__Assigned task__:
In the records that follow, find the line containing "The programme commenced" and the line containing "Bucură-te de o", then transcribe both and every line between them exactly, omitting pictures.

__Data provided__:
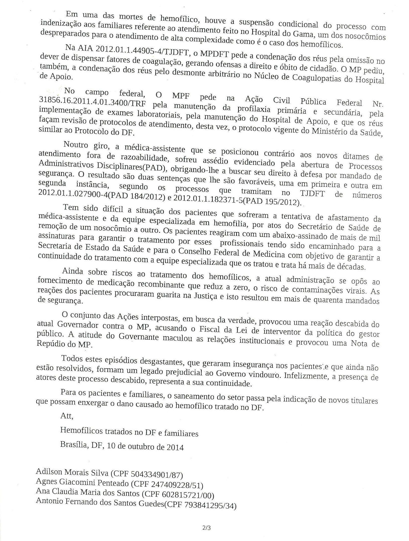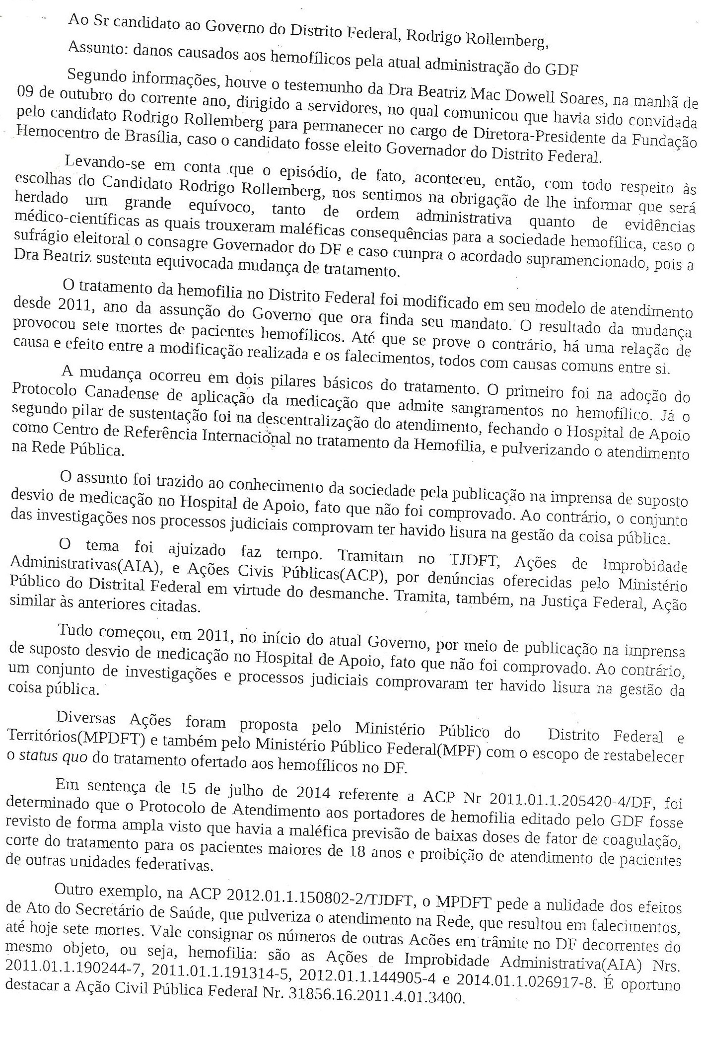 Os hemofílicos em carta (abaixo), afirmam que há uma relação de causa e efeito entre a modificação do protocolo com as mortes ocorridas – todas com causas comuns entre si.
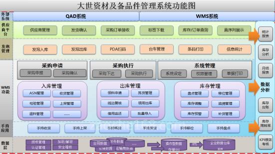 整个北汽大世WMS项目基本涵盖了其所有内部与库存管理相关的流程,主要分为6大块,包括成品座椅、生产资材、发泡成品、备品件、劳保用品和IT设备。根据不同类型的物料,操作人员也会通过不同的设备和方式来操作WMS系统,包括自动化立体设备、PDA扫描枪以及PC系统。项目涵盖了日常物料的出入库、盘点、库存调整、采购订单下达、报表统计等流程。所有物料和设备基本都实现了条码化管理,同时通过接口的方式,将所有关联数据传给QAD系统,保证了财务账和实物账的统一。
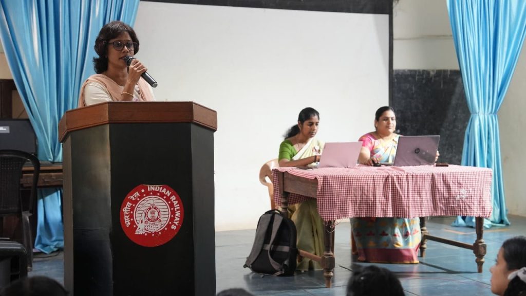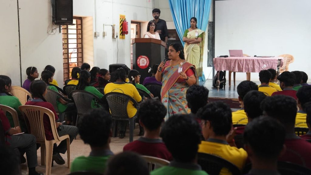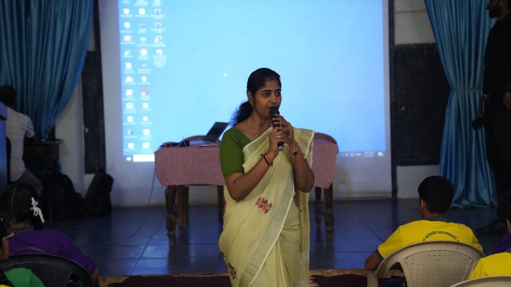The programme commenced with a Welcome Address by Mr. Karthikeyan, Principal, Railway Senior Secondary School, Olavakkode. This was followed by an introduction of Ahalia by Ms. Abisha K A, Executive – Academics Outreach, who also highlighted the importance of responsible digital behaviour and the growing relevance of cyber awareness among students.
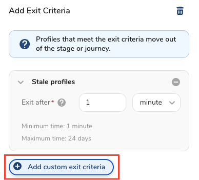 - Stale profiles : Profiles that meet exit criteria move out of the stage or journey. You can also add custom exit criteria with stale profile conditions.
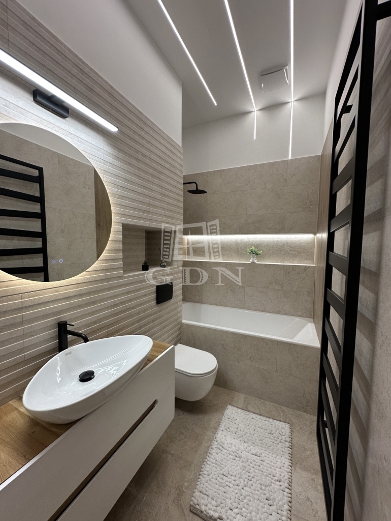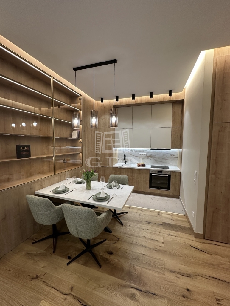 A lakás atmoszféráját a letisztult design, az időtálló anyaghasználat és az elegánsan összehangolt enteriőr emeli ki a kínálatból.
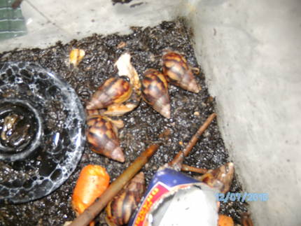 Ich biete hier meine Achatina fulica Nachzuchten von Nov 09 zum Kauf an. Fressen am liebsten Gurke,Kopfsalat,Chinakohl,Möhren und gek. Kartoffeln. Sie sind gewöhnt an sepiaschale und an schnecken Kalk.1 mal in der Woche dusche ich sie warm ab und reibe das Haus mit Öl ein.Die Hauslänge ist zwischen 5-6 cm. kann aber bis zu 25 cm. herranwachsen. Sie wurden von meinem Tierarzt untersucht und es wurde bestätigt das sie Achatina fulica sind. Da ich kein Fan von Tierversand bin nur Abholung!!!!Bei Interesse einfach melden die Schnecken können auch besichtigt werden!In Lünen Brambauer kreis Unna!
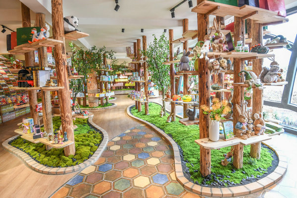 在三大主题馆周围,还分布着糖果公爵、春之列车邮局、珠玑宝藏、万花迷踪、精灵总动员等特色小店。这些小店栖居于水果造型的怪屋中,不但名字特别,里面收藏的各种文创纪念品和手工艺作品也十分精美。就拿春之列车邮局来说,里面的生日卡片、文具用品皆有凤龙湾小火车的踪影,如果你对凤龙湾的风景流连忘返,那么在逛这些小店的时候,无处不在的彩蛋,会让你的旅游消费充满惊喜。
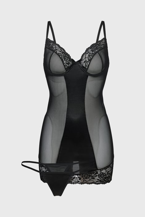 Bucură-te de o piesă senzuală și alege cămașa de noapte Melek din plasă transparentă. Bustul este decorat de dantelă florală bogată.
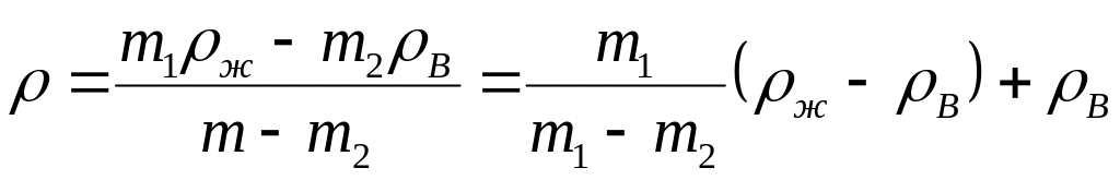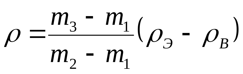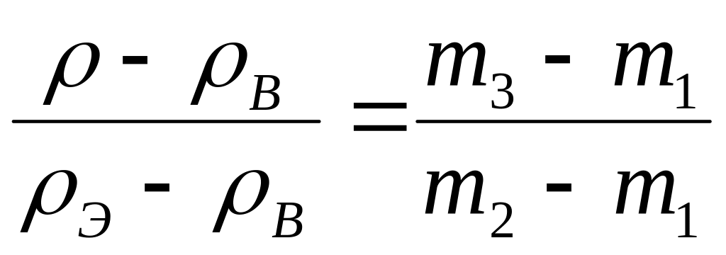 Так как при последовательном наполнении пикнометра объемы исследуемой и эталонной жидкостей одинаковы, а массу жидкостей можно установить с большей точностью на весах, то искомую плотность легко найти с помощью трех последовательных взвешиваний.
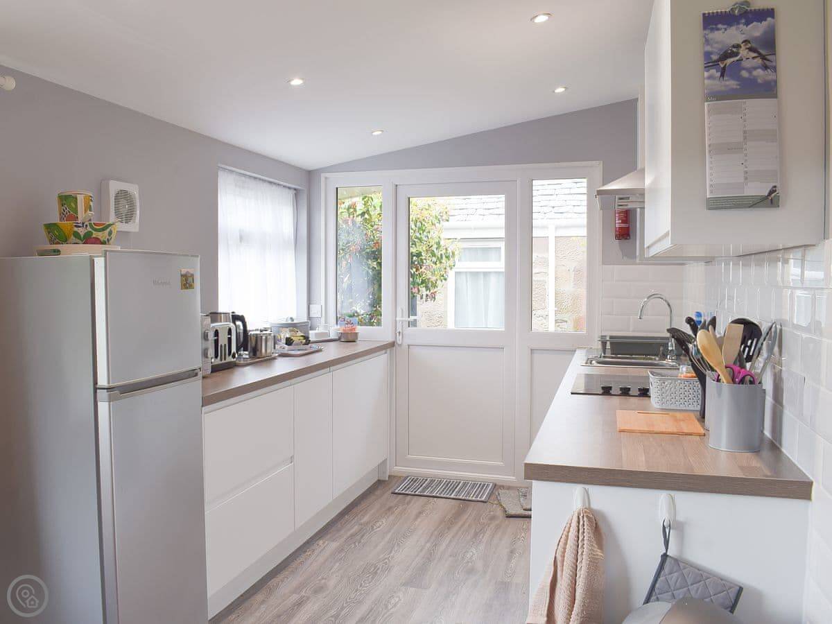 Facilities: it's got a wood burner, a washing machine, WiFi, TV, an enclosed garden with a patio and a BBQ. There's parking. Bedding and towels are included. We provide a cot and a highchair if you need them.
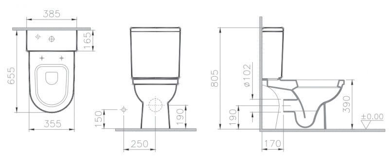 Моноблочный унитаз с универсальным выходом слива, арматура в бачке 3/6 л
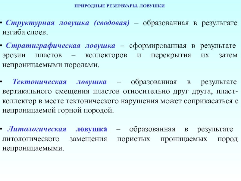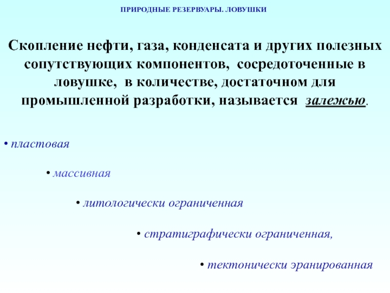 Стратиграфическая ловушка – сформированная в результате эрозии пластов – коллекторов и перекрытия их затем непроницаемыми породами.

__Written solution__:
The programme commenced with a Welcome Address by Mr. Karthikeyan, Principal, Railway Senior Secondary School, Olavakkode. This was followed by an introduction of Ahalia by Ms. Abisha K A, Executive – Academics Outreach, who also highlighted the importance of responsible digital behaviour and the growing relevance of cyber awareness among students.
 - Stale profiles : Profiles that meet exit criteria move out of the stage or journey. You can also add custom exit criteria with stale profile conditions.
 A lakás atmoszféráját a letisztult design, az időtálló anyaghasználat és az elegánsan összehangolt enteriőr emeli ki a kínálatból.
 Ich biete hier meine Achatina fulica Nachzuchten von Nov 09 zum Kauf an. Fressen am liebsten Gurke,Kopfsalat,Chinakohl,Möhren und gek. Kartoffeln. Sie sind gewöhnt an sepiaschale und an schnecken Kalk.1 mal in der Woche dusche ich sie warm ab und reibe das Haus mit Öl ein.Die Hauslänge ist zwischen 5-6 cm. kann aber bis zu 25 cm. herranwachsen. Sie wurden von meinem Tierarzt untersucht und es wurde bestätigt das sie Achatina fulica sind. Da ich kein Fan von Tierversand bin nur Abholung!!!!Bei Interesse einfach melden die Schnecken können auch besichtigt werden!In Lünen Brambauer kreis Unna!
 在三大主题馆周围,还分布着糖果公爵、春之列车邮局、珠玑宝藏、万花迷踪、精灵总动员等特色小店。这些小店栖居于水果造型的怪屋中,不但名字特别,里面收藏的各种文创纪念品和手工艺作品也十分精美。就拿春之列车邮局来说,里面的生日卡片、文具用品皆有凤龙湾小火车的踪影,如果你对凤龙湾的风景流连忘返,那么在逛这些小店的时候,无处不在的彩蛋,会让你的旅游消费充满惊喜。
 Bucură-te de o piesă senzuală și alege cămașa de noapte Melek din plasă transparentă. Bustul este decorat de dantelă florală bogată.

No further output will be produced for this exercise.